What is required:
Print them exactly: the lines from the beginning of the entries below through the line that contains "RELÓGIO ÂNGULO DE", and only those, with the pictures left out.

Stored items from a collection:
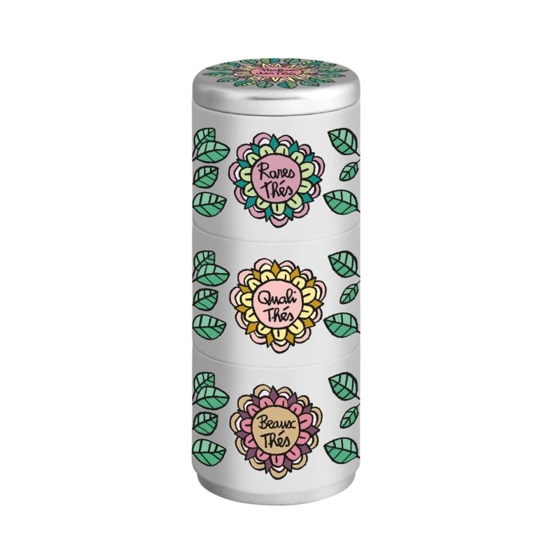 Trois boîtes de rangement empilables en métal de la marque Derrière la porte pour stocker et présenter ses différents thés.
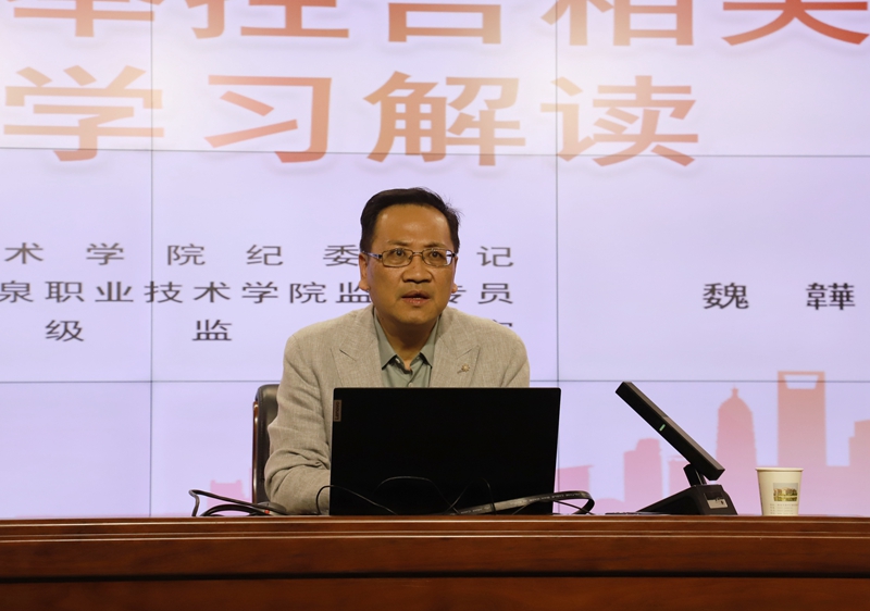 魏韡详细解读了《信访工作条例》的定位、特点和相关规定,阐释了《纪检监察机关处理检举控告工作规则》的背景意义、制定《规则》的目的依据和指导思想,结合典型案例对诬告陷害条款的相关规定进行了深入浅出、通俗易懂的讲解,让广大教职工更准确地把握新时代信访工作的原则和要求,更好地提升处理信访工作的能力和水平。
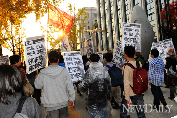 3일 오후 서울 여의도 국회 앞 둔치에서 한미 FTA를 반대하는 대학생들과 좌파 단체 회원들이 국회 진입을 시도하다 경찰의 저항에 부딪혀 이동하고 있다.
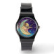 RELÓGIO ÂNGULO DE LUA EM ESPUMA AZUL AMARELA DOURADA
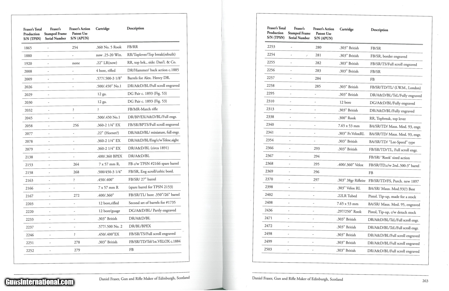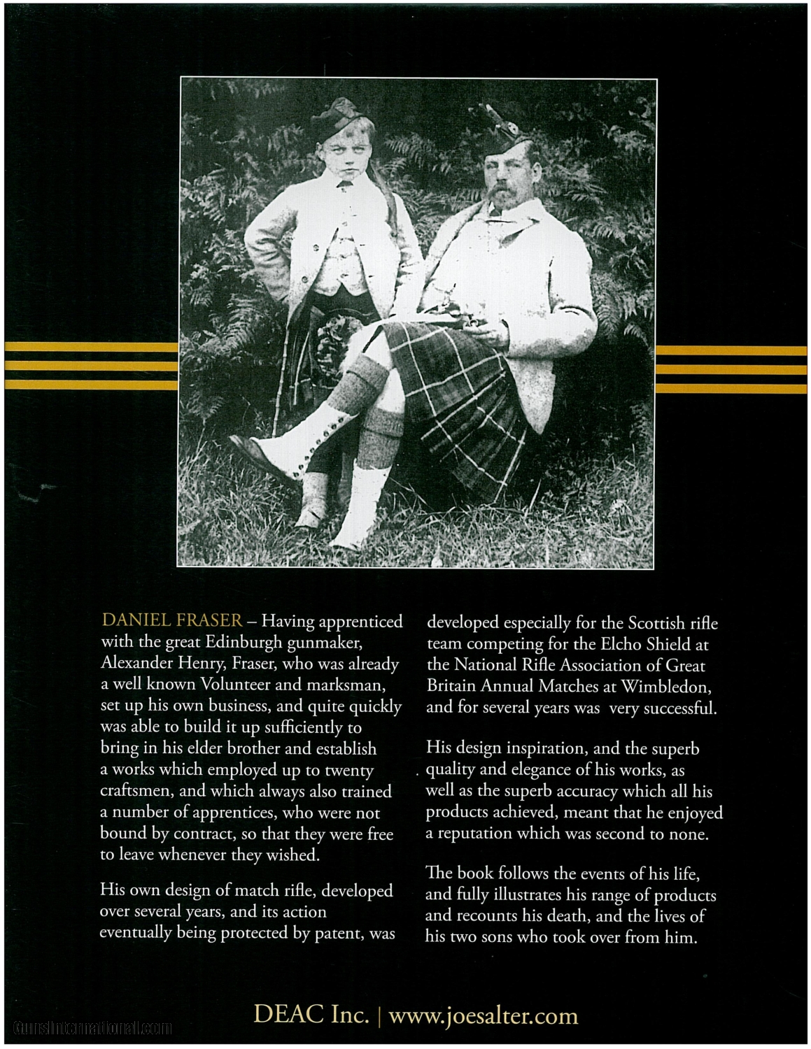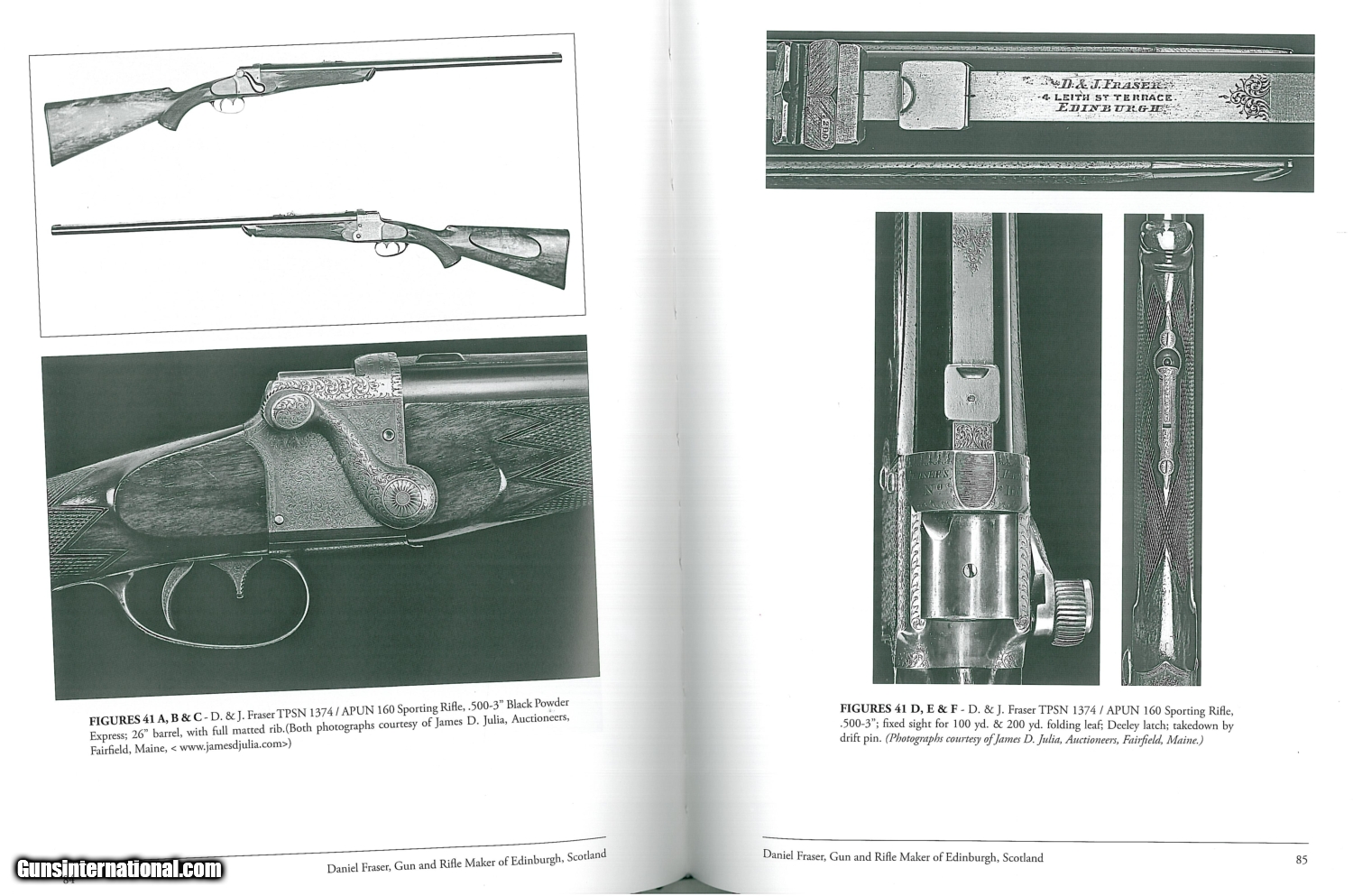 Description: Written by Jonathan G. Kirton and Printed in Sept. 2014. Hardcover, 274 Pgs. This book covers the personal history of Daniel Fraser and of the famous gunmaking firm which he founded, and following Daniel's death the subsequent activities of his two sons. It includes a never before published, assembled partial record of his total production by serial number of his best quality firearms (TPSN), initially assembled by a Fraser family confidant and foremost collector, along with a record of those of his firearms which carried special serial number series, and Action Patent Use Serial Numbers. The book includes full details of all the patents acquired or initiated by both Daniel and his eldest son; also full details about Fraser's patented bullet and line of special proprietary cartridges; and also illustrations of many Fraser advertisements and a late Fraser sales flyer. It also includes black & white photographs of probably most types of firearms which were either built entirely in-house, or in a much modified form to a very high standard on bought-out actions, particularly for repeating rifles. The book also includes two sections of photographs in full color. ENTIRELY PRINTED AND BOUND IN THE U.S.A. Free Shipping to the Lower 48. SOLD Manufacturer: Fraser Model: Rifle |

Task response:
 Trois boîtes de rangement empilables en métal de la marque Derrière la porte pour stocker et présenter ses différents thés.
 魏韡详细解读了《信访工作条例》的定位、特点和相关规定,阐释了《纪检监察机关处理检举控告工作规则》的背景意义、制定《规则》的目的依据和指导思想,结合典型案例对诬告陷害条款的相关规定进行了深入浅出、通俗易懂的讲解,让广大教职工更准确地把握新时代信访工作的原则和要求,更好地提升处理信访工作的能力和水平。
 3일 오후 서울 여의도 국회 앞 둔치에서 한미 FTA를 반대하는 대학생들과 좌파 단체 회원들이 국회 진입을 시도하다 경찰의 저항에 부딪혀 이동하고 있다.
 RELÓGIO ÂNGULO DE LUA EM ESPUMA AZUL AMARELA DOURADA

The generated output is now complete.